What is the Community Choices Waiver self-directed option?
The Community Choices (CC) Waiver is a South Carolina Healthy Connections Medicaid home and community-based services (HCBS) waiver run by the SCDHHS Community Long Term Care (CLTC) division. It is designed for people who qualify for a nursing-facility level of care but want to stay in their own home. Instead of moving into a facility, the member receives services such as attendant care, companion care, adult day health care, home-delivered meals, personal emergency response systems, and home modifications.

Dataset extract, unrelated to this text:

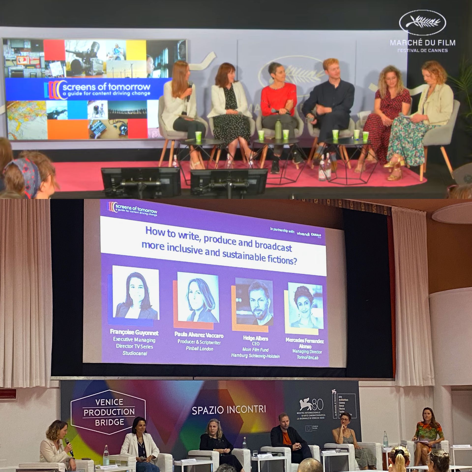 Le guide de L’écran d’après est lancé dans sa version internationale sous le nom de Screens of tomorrow au Festival de Cannes, lors d’une table ronde labellisée impACT par le Marché du Film, en présence de quatre professionnels et professionnelles de l’écriture, de la production et de la distribution européens inspirants. L’écran d’après a également soutenu le collectif C.U.T! (Cinéma Uni pour la Transition) et a monté les marches aux côtés de celles et ceux qui s’engagent pour la transition.

Historically, CC waiver services were delivered by licensed home care agencies that hired and assigned the aide. Effective July 1, 2025, SCDHHS added a self-directed Attendant Care option. Under self-direction, the participant (or an appointed "employer of record," often a close family member) recruits, hires, schedules, trains, and supervises their own caregiver. This is the pathway that lets a family member be paid for care they may already be providing for free.
Attendant Care is defined by SCDHHS as hands-on care of both a supportive and health-related nature -- help with bathing, dressing, eating, grooming, toileting, transferring and mobility, plus meal preparation, light housekeeping in the participant's living areas, shopping and essential errands, medication reminders, and escorting the participant to covered medical services. With a physician, nurse practitioner, or physician assistant sign-off, an approved attendant may also perform certain "health maintenance" skilled tasks the participant could do themselves if able.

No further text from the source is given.